> _REQUIRED ACTION_
Drop every picture, then transcribe the remaining data exactly.

> _SOURCE MATERIAL_
☆ ☆ ☆

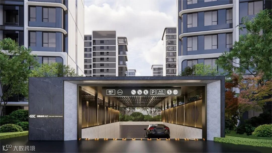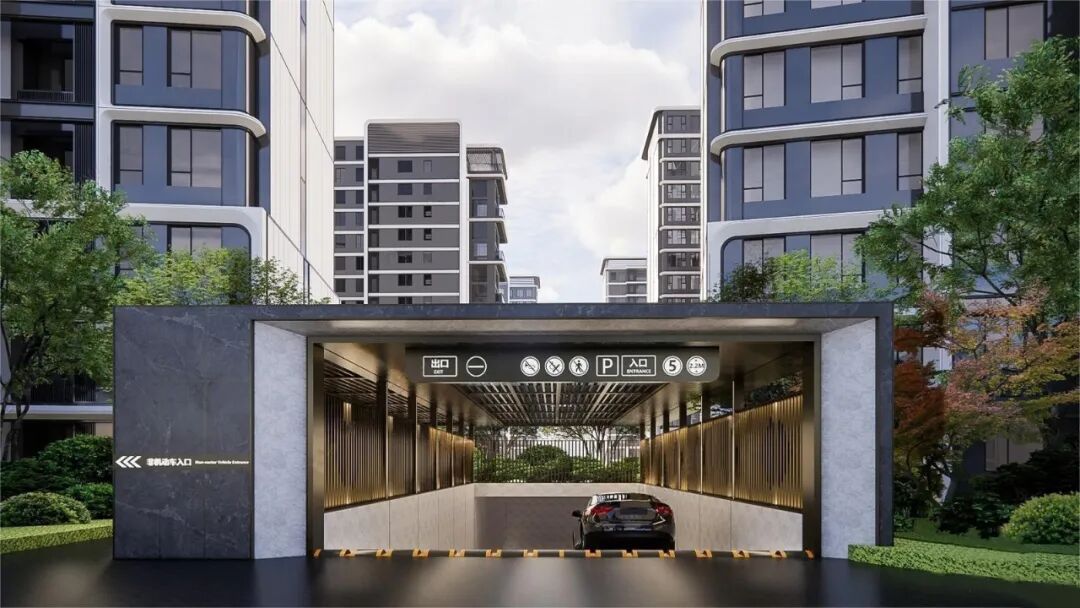 1.坡道入口顶盖/龙门牌作为客户车行归家的第一个空间节点,展示品质、形象和标识感;
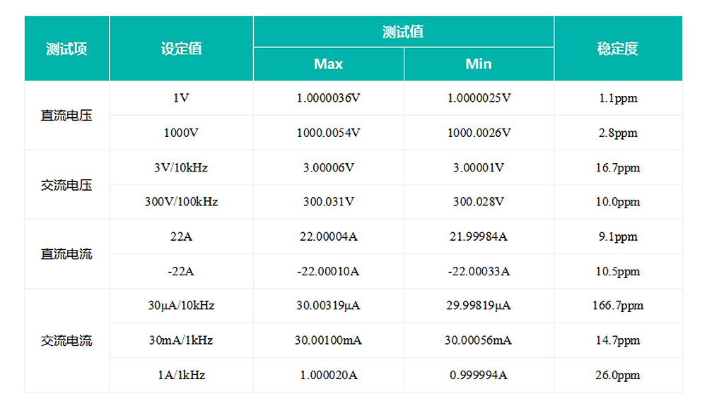 下表是ZMC多功能標(biāo)準(zhǔn)源穩(wěn)定性測試數(shù)據(jù):
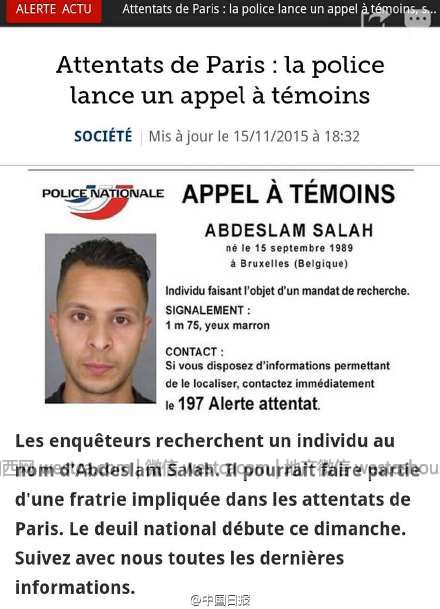 警方签发通缉令,配有嫌疑人照片:26岁的萨拉赫(Abdeslam Salah)。
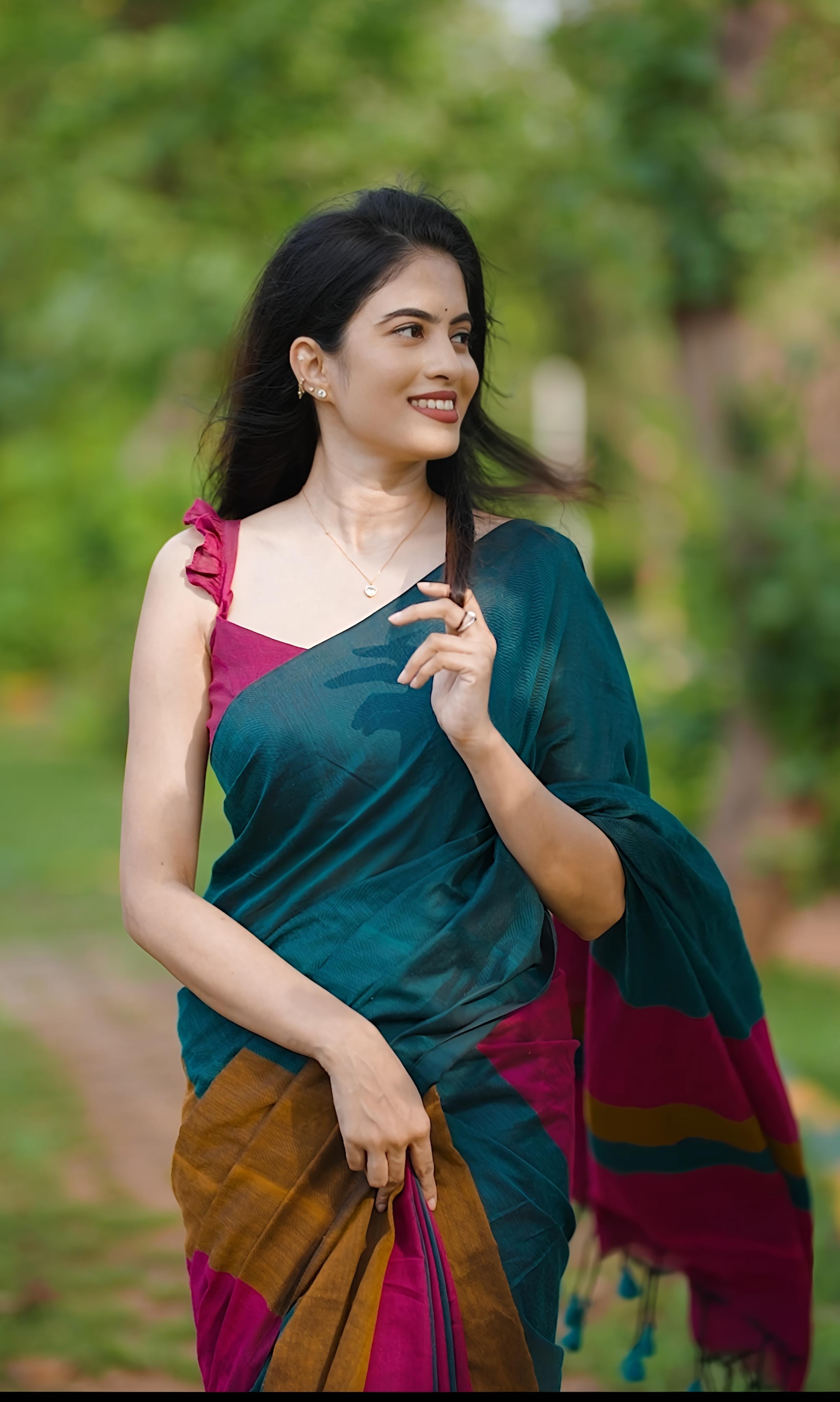 Expertly crafted with high quality linen fabric, these beautiful sarees are...

☆ ☆ ☆

> _RESPONSE TO THIS TASK_
 1.坡道入口顶盖/龙门牌作为客户车行归家的第一个空间节点,展示品质、形象和标识感;
 下表是ZMC多功能標(biāo)準(zhǔn)源穩(wěn)定性測試數(shù)據(jù):
 警方签发通缉令,配有嫌疑人照片:26岁的萨拉赫(Abdeslam Salah)。
 Expertly crafted with high quality linen fabric, these beautiful sarees are...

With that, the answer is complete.